### Exercise
Transcribe the records that follow. Keep every word exactly, and drop the pictures.

### Provided entries
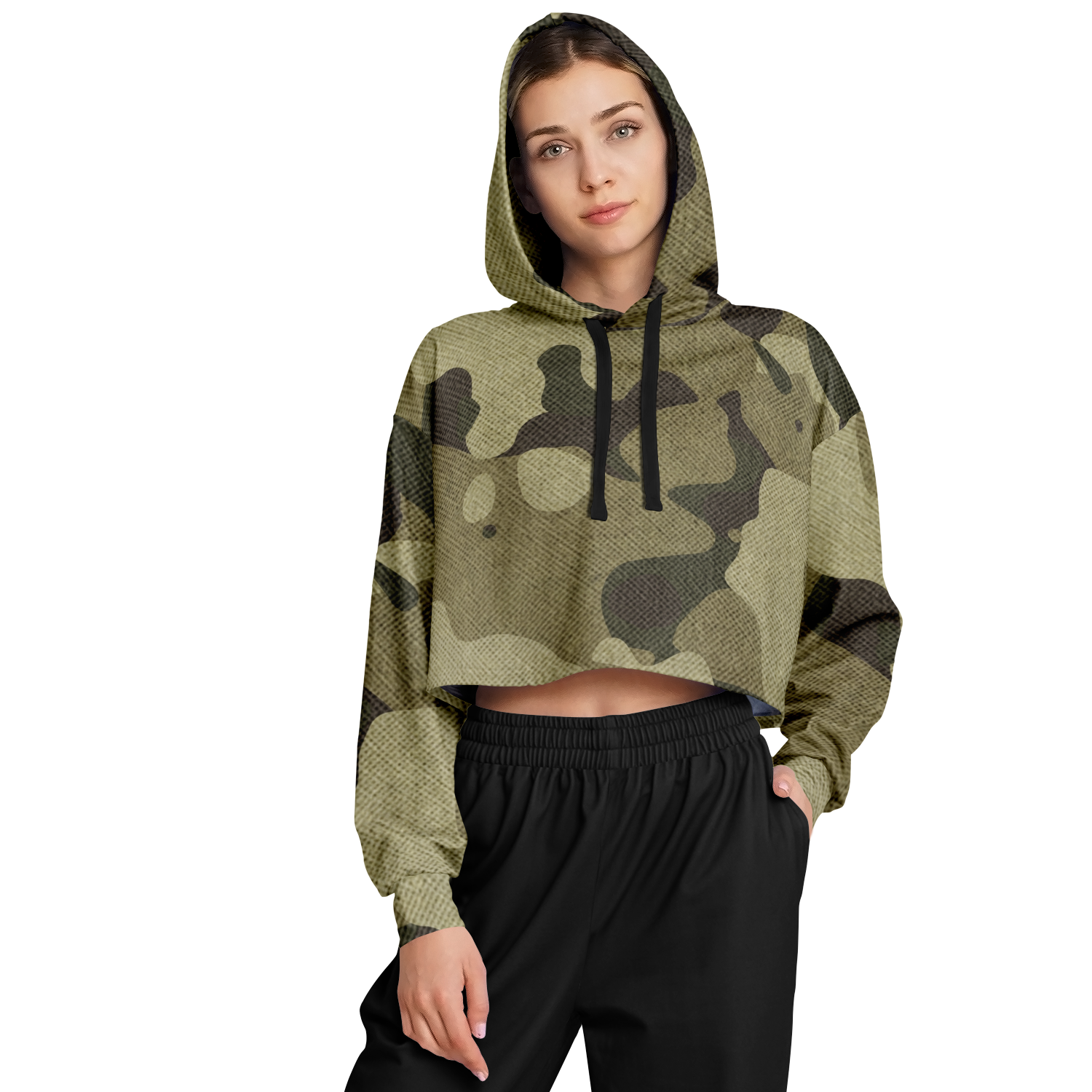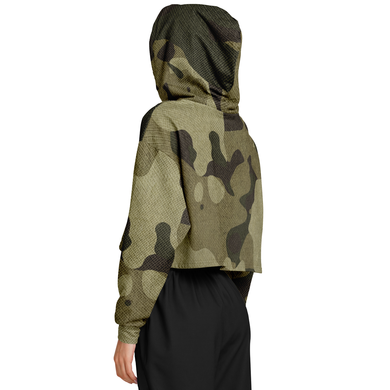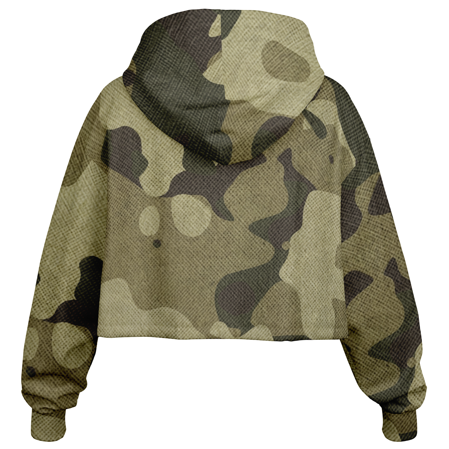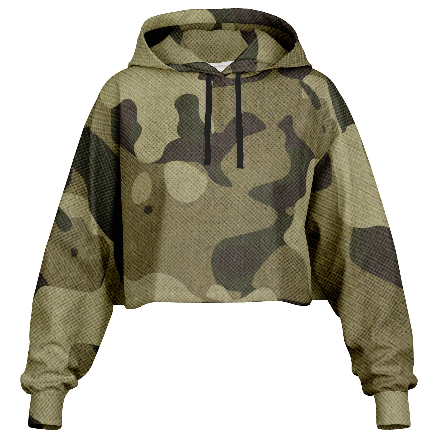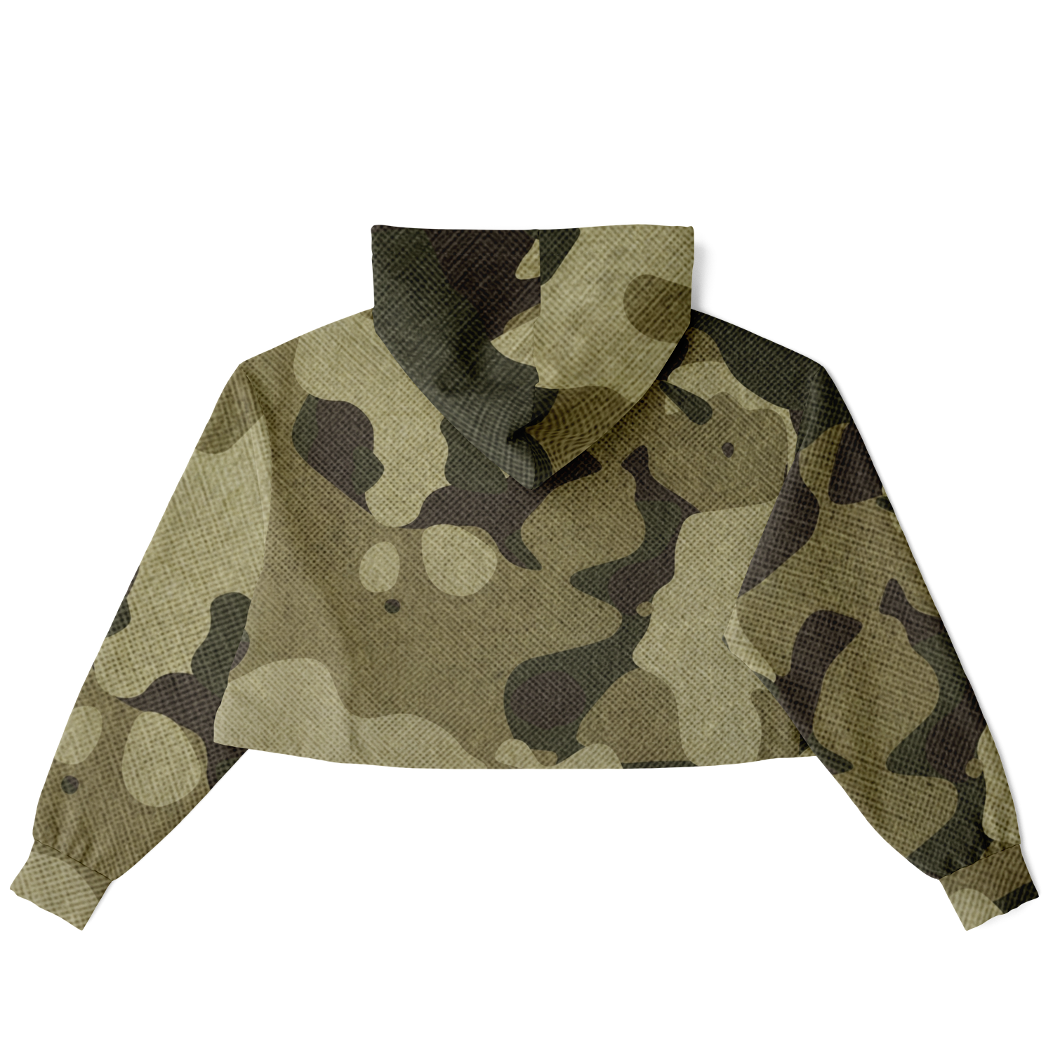 Cropped Hoodie For Women | Green Fabric Camouflage
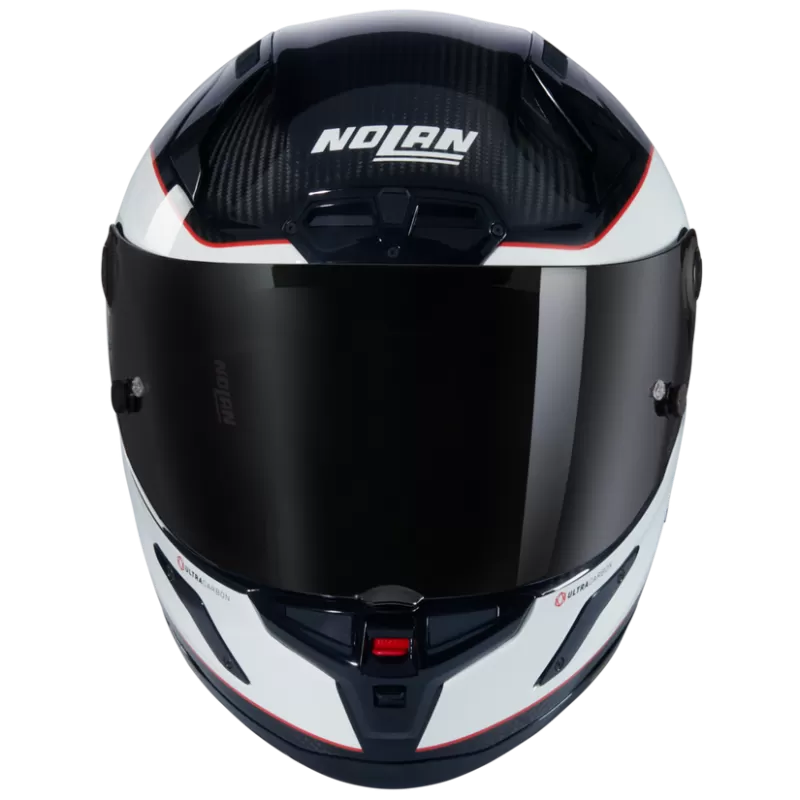 La texture in carbonio della calotta si alterna a vista con il colore Nero e il Bianco della vernice lucida. Un raffinato outline evidenzia e allunga la forma della visiera ultra-wide, creando un dinamismo ancora più marcato, di colore Rosso o nella variante Carbonio / Nero / Italia, espresso da una finissima bandiera italiana.
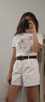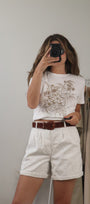 Size: Labeled L, suits M/L / Brand: owadra fashions / Condition: 10/10 (brand new) / Material: 50% cotton, 50% polyester / Type: Vintage / Colours: White & Gold
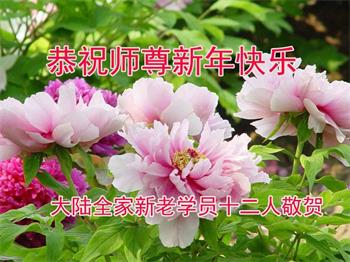 大陆全家新老学员十二人恭祝师尊新年快乐!感恩师尊救度之恩,是您“真善忍”的法理指导我们做好人,是您神奇的功法使我们全家人得到健康身体。在这新年来临之际,我们全家表达对您的感恩!盼望您早日回到大陆。 全世界大法弟子恭祝慈悲伟大的师尊过年好!师尊辛苦了!
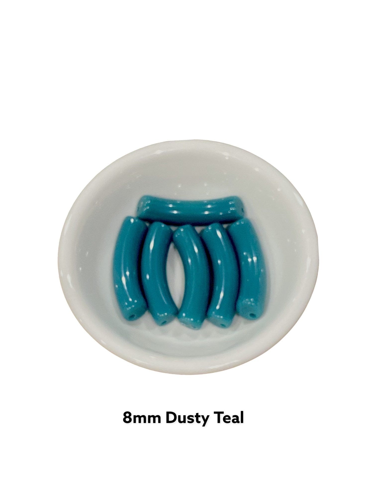 8mm Dusty Teal Tube beads- Winter Acrylic Beads, Curved Tube Beads, Resin , Bracelet Bangle Acrylic Tube Bead Waterproof Bangle 8mm, 6mm
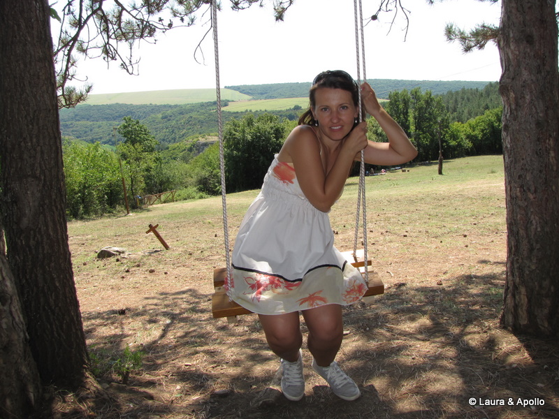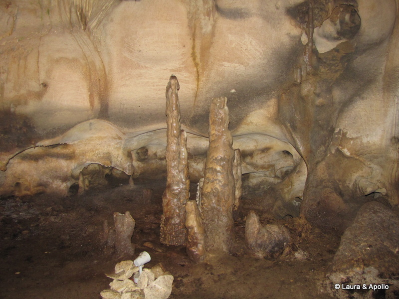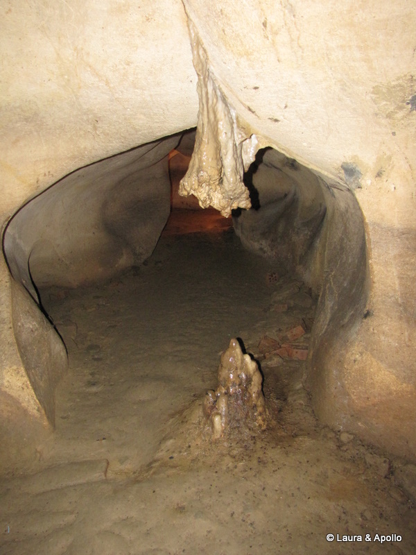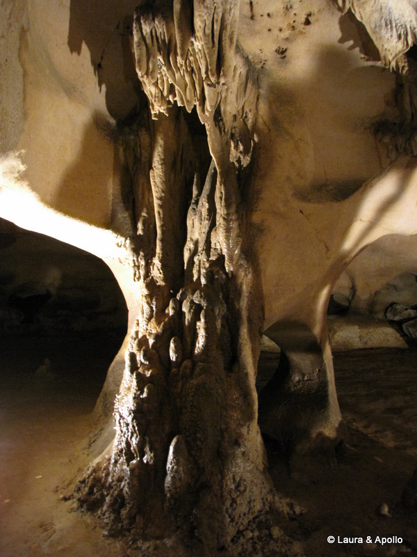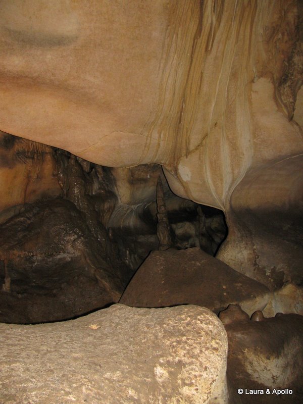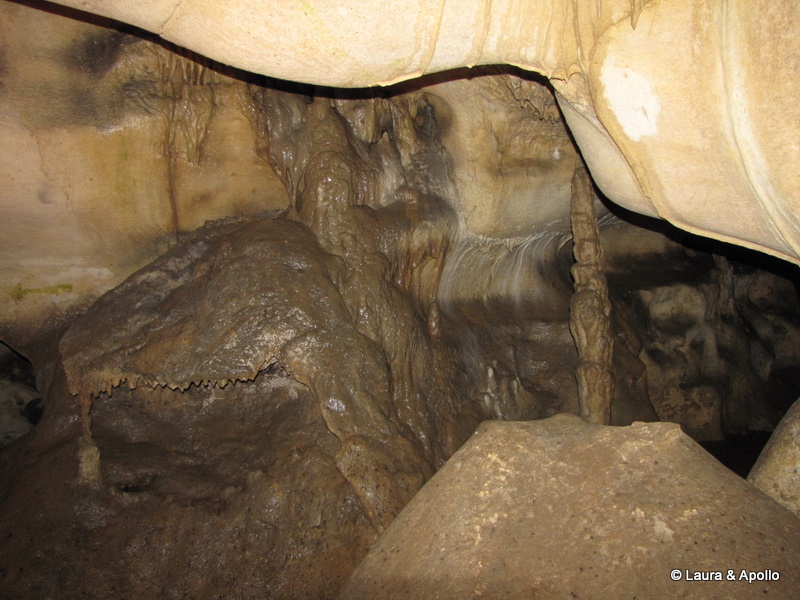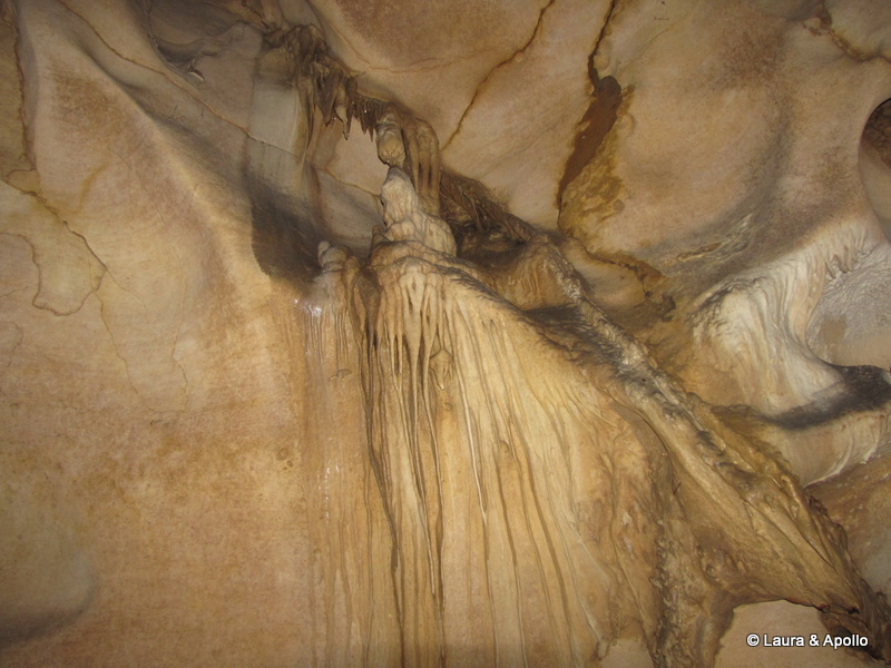 La intrare se ajunge coborand o scara abrupta. Am cumparat biletele (5 leva de persoana) si am asteptat ghidul, un batranel foarte simpatic. Turul incepe la fiecare ora fixa, si dureaza cam 40 de minute. Atunci eram numai noi patru, asa ca turul a fost in franceza (engleza nu stia), condimentat cu cateva cuvinte in romaneste pe care le invatase de la alti vizitatori. Pestera este uscata, iar peretii din calcar alb contrasteaza puternic cu intunericul din galeriile secundare. Luminile bine plasate isi schimba din cand in cand culoare, din alb in rosu sau albastru. Mi s-a parut ciudat ca nu exista nici o muchie ascutita, totul e perfect rotunjit (din cate am inteles niste vietuitoare minuscule sunt responsabile pentru lucrul asta, dar nu bag mana-n foc). Galeria principala este foarte larga si dreapta, si a primit numele de „Marele bulevard”. In apropierea intrarii se afla un izvor. Legenda spune ca celui care bea apa din acest izvor i se va implini o dorinta. Numai eu am baut, dar nu va pot spune care a fost dorinta (nu s-a implinit inca, dar mai am sperante, ca legenda nu zice nimic de termene limita 🙂 ). Am avut parte si de un mic concert sustinut de ghidul nostru, atat cu vocea cat si cu un „instument”: o stalagmita muzicala. Pestera este frumos luminata si descopera privirilor o multime de forme care pun imaginatia la incercare: draperii , soldati de piatra, o padure, doi indragostiti, o familie, un dinozaur, si nu in ultimul rand, Alba ca Zapada si cei 7 pitici. Aici isi au adapostul si catva mii de lilieci, dar noi n-am avut (ne)sansa sa intalnim nici unul. Dupa ce turul s-a terminat am multumit frumos ghidului, si dupa ce am cumparat de la el cateva fotografii, ne-am oprit sa ne odihnim putin pe pajistea din fata pesterii, la marginea unei paduri de pini.
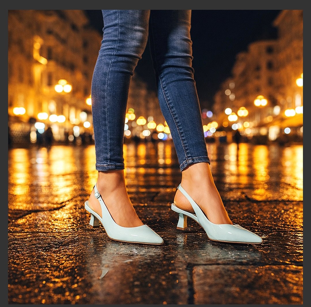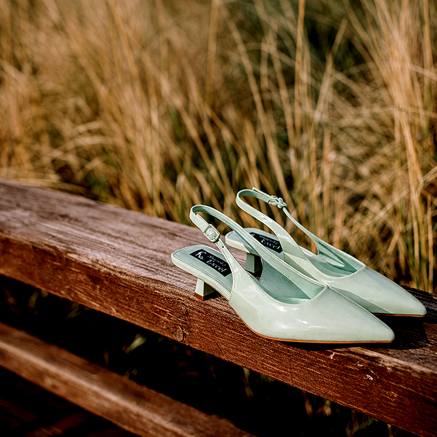 Γόβες Slingback Λουστρίνι με Sculptural Τακούνι – Pistachio color!!!5552
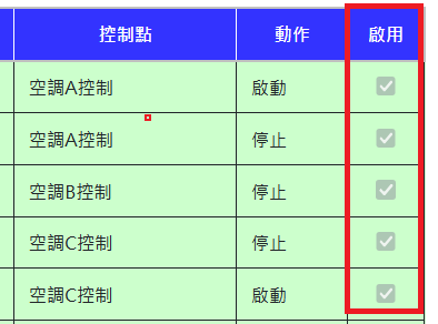 若有控制權限,可在畫面上之開關,控制空調設備的啟動與停止,自動或手動
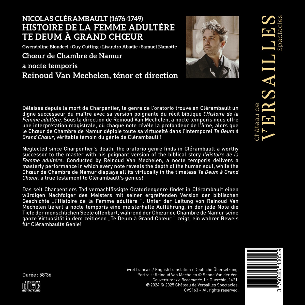 Seit Marc-Antoine Charpentiers Tod vernachlässigt, erfuhr die Gattung des Oratoriums durch Louis-Nicolas Clérambault, einem würdigen Nachfolger des Altmeisters, eine Wiederbelebung. Unter der Leitung von Reinoud Van Mechelen liefert a nocte temporis eine meisterhafte Aufführung von Clérambaults ergreifender Version der biblischen Geschichte "l'Histoire de la Femme adultère" (Jesus und die Ehebrecherin). Jeder Ton offenbart die Tiefe der menschlichen Seele. Der Chœur de Chambre de Namur zeigt des Weiteren auf diesem Album seine Virtuosität in dem zeitlosen Te Deum à Grand Chœur unter der Leitung von Reinoud Van Mechelen.
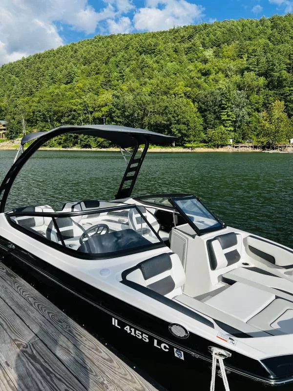 Features: Arch with Bimini top, mooring cover, depth sounder, USB/AUX input, 12V outlet, and cockpit drainage system (CDS).
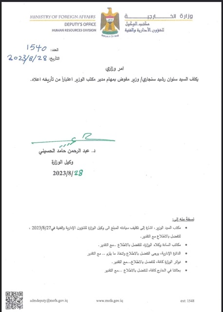 تكليف سنجاري بمهام مدير مكتب وزير الخارجية ونقل السابق الى احدى الدول
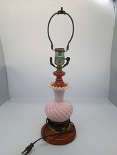Vintage Fenton Pink Milk Glass Boudoir 18" Table Lamp with Wood and Brass Works

### Your response
 Cropped Hoodie For Women | Green Fabric Camouflage
 La texture in carbonio della calotta si alterna a vista con il colore Nero e il Bianco della vernice lucida. Un raffinato outline evidenzia e allunga la forma della visiera ultra-wide, creando un dinamismo ancora più marcato, di colore Rosso o nella variante Carbonio / Nero / Italia, espresso da una finissima bandiera italiana.
 Size: Labeled L, suits M/L / Brand: owadra fashions / Condition: 10/10 (brand new) / Material: 50% cotton, 50% polyester / Type: Vintage / Colours: White & Gold
 大陆全家新老学员十二人恭祝师尊新年快乐!感恩师尊救度之恩,是您“真善忍”的法理指导我们做好人,是您神奇的功法使我们全家人得到健康身体。在这新年来临之际,我们全家表达对您的感恩!盼望您早日回到大陆。 全世界大法弟子恭祝慈悲伟大的师尊过年好!师尊辛苦了!
 8mm Dusty Teal Tube beads- Winter Acrylic Beads, Curved Tube Beads, Resin , Bracelet Bangle Acrylic Tube Bead Waterproof Bangle 8mm, 6mm
 La intrare se ajunge coborand o scara abrupta. Am cumparat biletele (5 leva de persoana) si am asteptat ghidul, un batranel foarte simpatic. Turul incepe la fiecare ora fixa, si dureaza cam 40 de minute. Atunci eram numai noi patru, asa ca turul a fost in franceza (engleza nu stia), condimentat cu cateva cuvinte in romaneste pe care le invatase de la alti vizitatori. Pestera este uscata, iar peretii din calcar alb contrasteaza puternic cu intunericul din galeriile secundare. Luminile bine plasate isi schimba din cand in cand culoare, din alb in rosu sau albastru. Mi s-a parut ciudat ca nu exista nici o muchie ascutita, totul e perfect rotunjit (din cate am inteles niste vietuitoare minuscule sunt responsabile pentru lucrul asta, dar nu bag mana-n foc). Galeria principala este foarte larga si dreapta, si a primit numele de „Marele bulevard”. In apropierea intrarii se afla un izvor. Legenda spune ca celui care bea apa din acest izvor i se va implini o dorinta. Numai eu am baut, dar nu va pot spune care a fost dorinta (nu s-a implinit inca, dar mai am sperante, ca legenda nu zice nimic de termene limita 🙂 ). Am avut parte si de un mic concert sustinut de ghidul nostru, atat cu vocea cat si cu un „instument”: o stalagmita muzicala. Pestera este frumos luminata si descopera privirilor o multime de forme care pun imaginatia la incercare: draperii , soldati de piatra, o padure, doi indragostiti, o familie, un dinozaur, si nu in ultimul rand, Alba ca Zapada si cei 7 pitici. Aici isi au adapostul si catva mii de lilieci, dar noi n-am avut (ne)sansa sa intalnim nici unul. Dupa ce turul s-a terminat am multumit frumos ghidului, si dupa ce am cumparat de la el cateva fotografii, ne-am oprit sa ne odihnim putin pe pajistea din fata pesterii, la marginea unei paduri de pini.
 Γόβες Slingback Λουστρίνι με Sculptural Τακούνι – Pistachio color!!!5552
 若有控制權限,可在畫面上之開關,控制空調設備的啟動與停止,自動或手動
 Seit Marc-Antoine Charpentiers Tod vernachlässigt, erfuhr die Gattung des Oratoriums durch Louis-Nicolas Clérambault, einem würdigen Nachfolger des Altmeisters, eine Wiederbelebung. Unter der Leitung von Reinoud Van Mechelen liefert a nocte temporis eine meisterhafte Aufführung von Clérambaults ergreifender Version der biblischen Geschichte "l'Histoire de la Femme adultère" (Jesus und die Ehebrecherin). Jeder Ton offenbart die Tiefe der menschlichen Seele. Der Chœur de Chambre de Namur zeigt des Weiteren auf diesem Album seine Virtuosität in dem zeitlosen Te Deum à Grand Chœur unter der Leitung von Reinoud Van Mechelen.
 Features: Arch with Bimini top, mooring cover, depth sounder, USB/AUX input, 12V outlet, and cockpit drainage system (CDS).
 تكليف سنجاري بمهام مدير مكتب وزير الخارجية ونقل السابق الى احدى الدول
Vintage Fenton Pink Milk Glass Boudoir 18" Table Lamp with Wood and Brass Works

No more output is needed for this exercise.